Gaining on off grid slowly

Discussion in 'Off Grid Living' started by farmboyJD, Aug 30, 2011.

  1. farmboyJD

    farmboyJD Monkey++

    This summer I've been working on an area in a barn to place an inverter and batteries. I have a large metal barn 175 ft from my home, with a row of cedar trees next to the barn. So far, inside the barn I poured a concrete pad 7ft x 12ft. I've enclosed an area of the pad 7 x 8. I'm going to place 2 small generators, stacked, on the other part of the pad, which is still in the barn. This week I rented a trencher and trenched from the barn, through the cedar trees, across the driveway and to the side of my house. In the trench, I placed two 2in PVC conduits.

    As I laid the first conduit, I ran heavy poly baler twine as I glued each joint. Then pulled 5 wires of #3 copper. I already had the copper wire from a building I salvaged several years ago. I'm going to parallel 2each of the #3's. That way I know I'll have the capacity for about anything I want to do. One #3 would have been sufficient for 240v at 80 amps, but I had the wire. I'm going to run Cat5 wire through the other conduit for computer, security cams, telephone. I separated the conduits with about 1 ft of dirt. I also placed in the trench a 3/4 inch poly line for propane, and connected to my propane supply line. Now I'll have propane the the gens also.

    A lot more work to do, as I can. Next up, mounting inverter, disconnects, etc., and mounting gens. Wife doesn't have a clue of what I'm doing, or why. Totally oblivious.
    Nadja, Guit_fishN, STANGF150 and 2 others like this.
  2. BTPost

    BTPost Stumpy Old Fart,Deadman Walking, Snow Monkey Moderator

    Sounds like a very good plan, you have worked out for yourself.

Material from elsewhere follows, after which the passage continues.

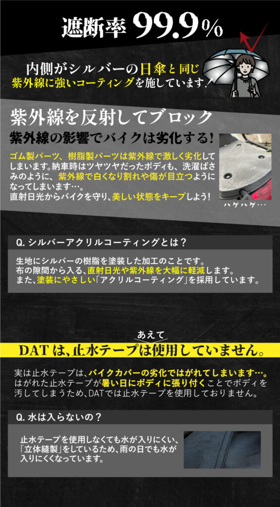 | 用途 | 紫外線によるバイクの劣化対策 盗難防止 バイクの保護 雨よけ ほこりよけ |
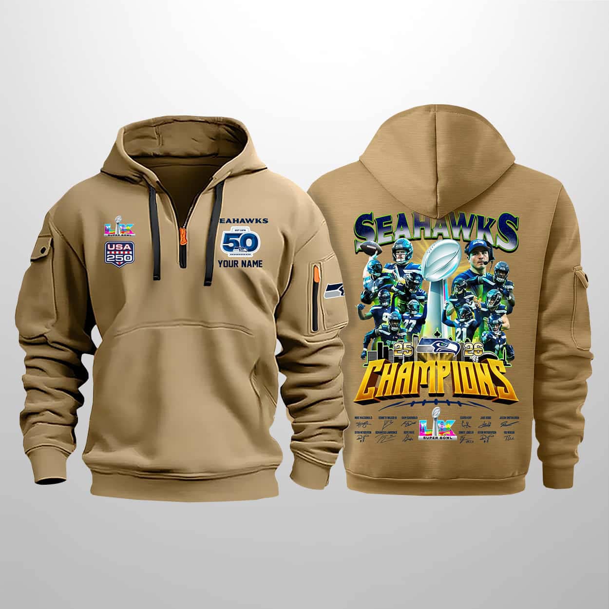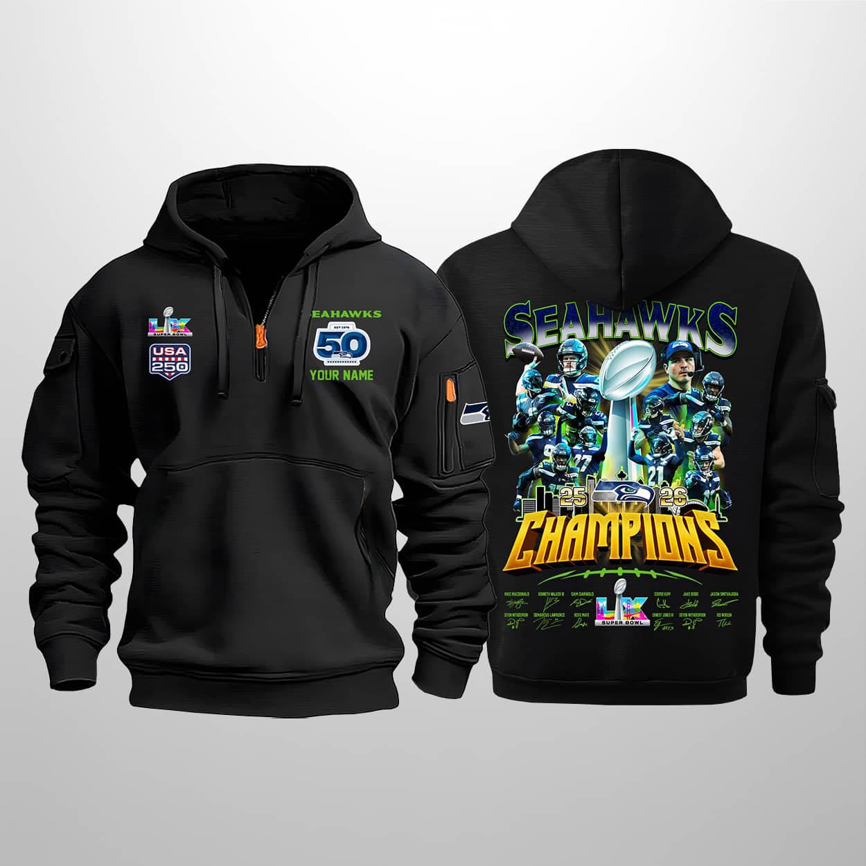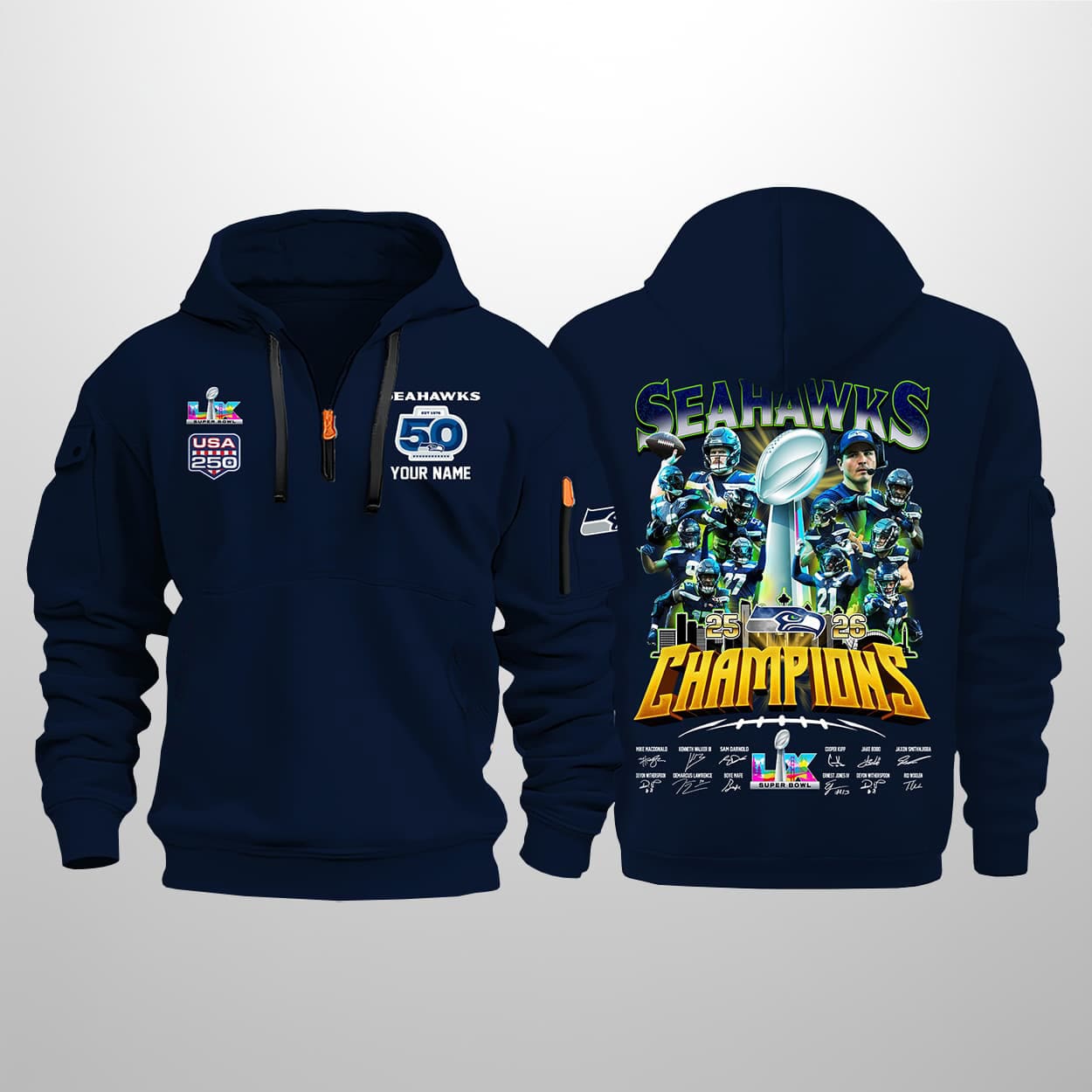 Personalized Seahawks 25 26 Super Bowl LX Champions Hoodie Half Zipper

I think I would have two, or three, runs of the CAT5 in the second conduit, as it is much easier to put in all at once than to re-pull more later. You can never have enough Pairs in a conduit. Your distance is well within the 10BaseT Ethernet (4-4-2) Rule, and you may be able to push 100BaseT if your Switches on each end, can push it. That would give you plenty of bandwidth, for whatever you want to move between the two ends. I wonder what Gensets you are thinking of using, for you backup Power? What pressure are you planning to run on the Propane Distribution Line. The Pipe size isn't big enough for 11 in. Water Column for the Gensets at that distance. Should be sufficient if you run it a 3 PSI though. Pictures would be nice for those who are thinking along the same lines as you are, as your system progresses.
    Nadja and farmboyJD like this.
  3. TnAndy

    TnAndy Senior Member Founding Member

    You regard having to rely on a propane supply as off grid ? Seems like trading one devil for another to me, with the exception you can store the energy in advance......but once it's gone, you're out of electricity.
    beast likes this.
  4. beast

    beast backwoodsman

    i didnt think they allowed propane underground to be plastic?
  5. Nadja

    Nadja RIP 3-11-2013 Forum Leader

    When I was still working , building houses, I have seen many times a yellow roll of plactic based pipe just for propane. I have seen this many times over the last few years. But it MUST be coded for propane. Never use reg. pvc of any kind for propane or natural gas.
  6. beast

    beast backwoodsman

    i think every state, county and township have their own codes too
    so make sure what youre doing is legal in yours
  7. Tikka

    Tikka Monkey+++

    Here in NC, the few counties I have lived in required copper.
  8. Nadja

    Nadja RIP 3-11-2013 Forum Leader

    Tikka. Here in Apache cnty. Az. copper pipe is NOT allowed for fixed gas lines. Watched a man have to tear out all his copper gas lines. All states, counties and even cities are different and for different reasons. Be sure to check what is legal in your area before you buy or do anything on this one.
  9. thebastidge

    thebastidge Monkey+

    Honestly, if I were running any distance, I would go with fiber optic for networking. Cat5e/6 is fine for short distance (100 meters or less) Anything more than that and you start having problems. You can run GigE at that distance, which will increasingly be the standard. Cat6 cable will allow you to upgrade to 10Gig connections when that equipment becomes more widely available.

    It's a lot of work to trench and run conduit. Much easier to make sure it's right the first time. And having multipe cables in there the first time around is also a best practice.
    Nadja, farmboyJD and beast like this.
  10. Nadja

    Nadja RIP 3-11-2013 Forum Leader

    I don't think any of you know what farmerjd is actually doing. The conduit he is laying is mostly for power to the house. He will be installing a watson tracker, panels, and a wind generator very soon. The generators are for back up and also some equip. he needs to run that are far to large for the solar to handle. He will have a few questions, but all in all, his head is screwed on right. Make no mistake about it. He goes slow and very carefully.